Le Lézard
Subjects: Merger/Acquisition, Letter, Proxy/Proxy Vote

Coliseum Capital Issues Open Letter to Board of R1 RCM on Offer by New Mountain to Acquire the Company for $13.75 Per Share


Coliseum Capital Management, LLC ("Coliseum"), one of the largest shareholders of R1 RCM Inc. (NASDAQ: RCM) ("Company"), today announced that it has issued an open letter to the Company's Board of Directors.

In its letter, Coliseum states that it believes the offer by New Mountain Capital, L.L.C. to acquire the Company for cash consideration of $13.75 per share significantly undervalues the Company. The letter also expresses support for the Company's Board of Directors, management team, and strategy for shareholder value creation. Coliseum encourages the Board of Directors to stand firm and require a materially higher price, or reject the offer and stay the course as a public company.

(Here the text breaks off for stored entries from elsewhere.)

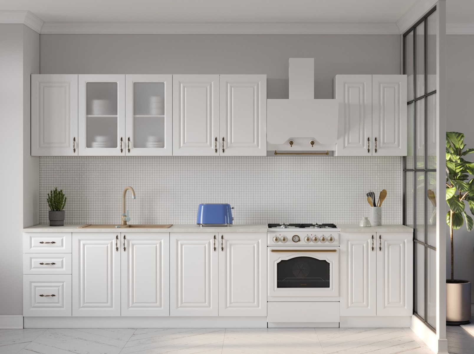 LINCOLN 180 vintage kuchynská linka MDF, vanilka/biela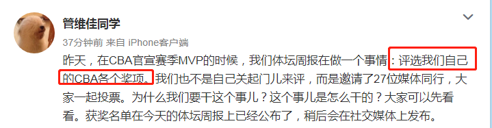 值得一提的是,国内知名媒体《体坛周报》做出了一项重要的决定,将独立评选CBA各项大奖,而且非常正式,将邀请27位媒体记者来进行投票。据《体坛周报》篮球媒体人和解说员管维佳在社媒上透露,《体坛周报》将评选CBA各个奖项,也不是关起门自己选,而是邀请了27位媒体同行,大家一起投票。而管维佳也发布长图说明为何这样做。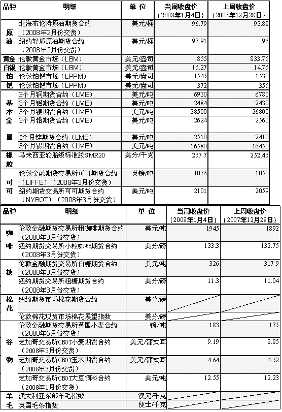 受非洲主要產(chǎn)油國尼日利亞國內(nèi)局勢持續(xù)動蕩、投資者擔心原油供應(yīng)緊張以及美元貶值等因素影響,國際油價在2008年的第一個交易日(2008年1月2日)即大幅上漲,當日紐約市場2月份交貨的輕質(zhì)原油期貨價格不僅歷史上首度突破每桶100美元大關(guān),而且創(chuàng)下每桶99.62美元的歷史最高收盤紀錄。 截至2007年12月28日的一周里,美國原油商業(yè)庫存比前一周下降400萬桶,降幅大于分析人士預(yù)期的170萬桶。受此消息影響,紐約市場經(jīng)過反復(fù)震蕩后開始沖高,3日盤中一度達到每桶100.09美元的歷史最高價。但隨后受交易者獲利回吐影響,當日收盤時該種原油期貨價格報收于每桶99.18美元,比前一個交易日下跌44美分。 美國勞工部1月4日公布的報告顯示,2007年12月份美國失業(yè)率上升到5%,高于前一個月的4.7%,為2005年11月份以來的最高水平。由于投資者擔心就業(yè)市場不景氣將影響美國消費增長,進而影響用油需求,4日國際油價繼續(xù)下滑。 歐佩克新任輪值主席、阿爾及利亞能源和礦業(yè)部長沙基卜·哈利勒1月5日表示,油價上升勢頭“很可能要持續(xù)到第一季度末”,預(yù)計到第二季度有望“穩(wěn)定”下來。 在美元疲軟、油價不斷突破紀錄的背景下,當周其他大宗商品的期貨價格均有不同程度的上揚。1月3日,紐約商品交易所2月份交貨的黃金期貨合約價一度摸高至每盎司872.9美元,與28年前創(chuàng)下的每盎司873美元歷史最高紀錄僅“毫厘之差”。倫敦市場的黃金期貨價格1月3日升至每盎司868.89美元的歷史高位,鉑的期貨價格創(chuàng)下每盎司1554美元的歷史新高。 亞洲最近處于季風季節(jié),潮濕的天氣影響了供給,橡膠價格因而走高。

The full text of the letter is set forth below.

February 26, 2024

R1 RCM Inc.
434 W. Ascension Way, 6th Floor
Murray, Utah 84123
Attn: Board of Directors

Ladies and Gentlemen:

We are writing on behalf of Coliseum Capital Management, LLC which, through its managed funds and accounts, beneficially owns over 10 million shares of common stock of R1 RCM Inc. ("R1" or the "Company"). As such, we are in aggregate, one of the five largest shareholders.

We have reviewed the Amended 13D filed this morning by New Mountain Capital, L.L.C. proposing a transaction under which all of the outstanding shares of R1 would be acquired for cash consideration of $13.75 per share. We believe this proposal meaningfully undervalues the Company and is not in the best interest of shareholders.

As we have shared with management in multiple meetings, we are excited about R1's current strategy and longer-term prospects, and impressed by Lee Rivas, Jennifer Williams and the broader team. Furthermore, we support the current Board of Directors and your efforts in building the business for the benefit of all shareholders. R1 is on a compelling trajectory, and we have deep conviction in management's ability to execute and create durable shareholder value over the coming years.

We encourage the Board of Directors to stand firm and require a materially higher price, or reject the offer and stay the course as a public company. To be clear, given the strength of R1's business prospects, we believe remaining public and driving forward the existing strategy will result in greater value for all shareholders than accepting a price at or near the current offer.

We appreciate your consideration of our views, which come in the genuine spirit of partnership. We look forward to remaining supportive shareholders and thank you for your leadership.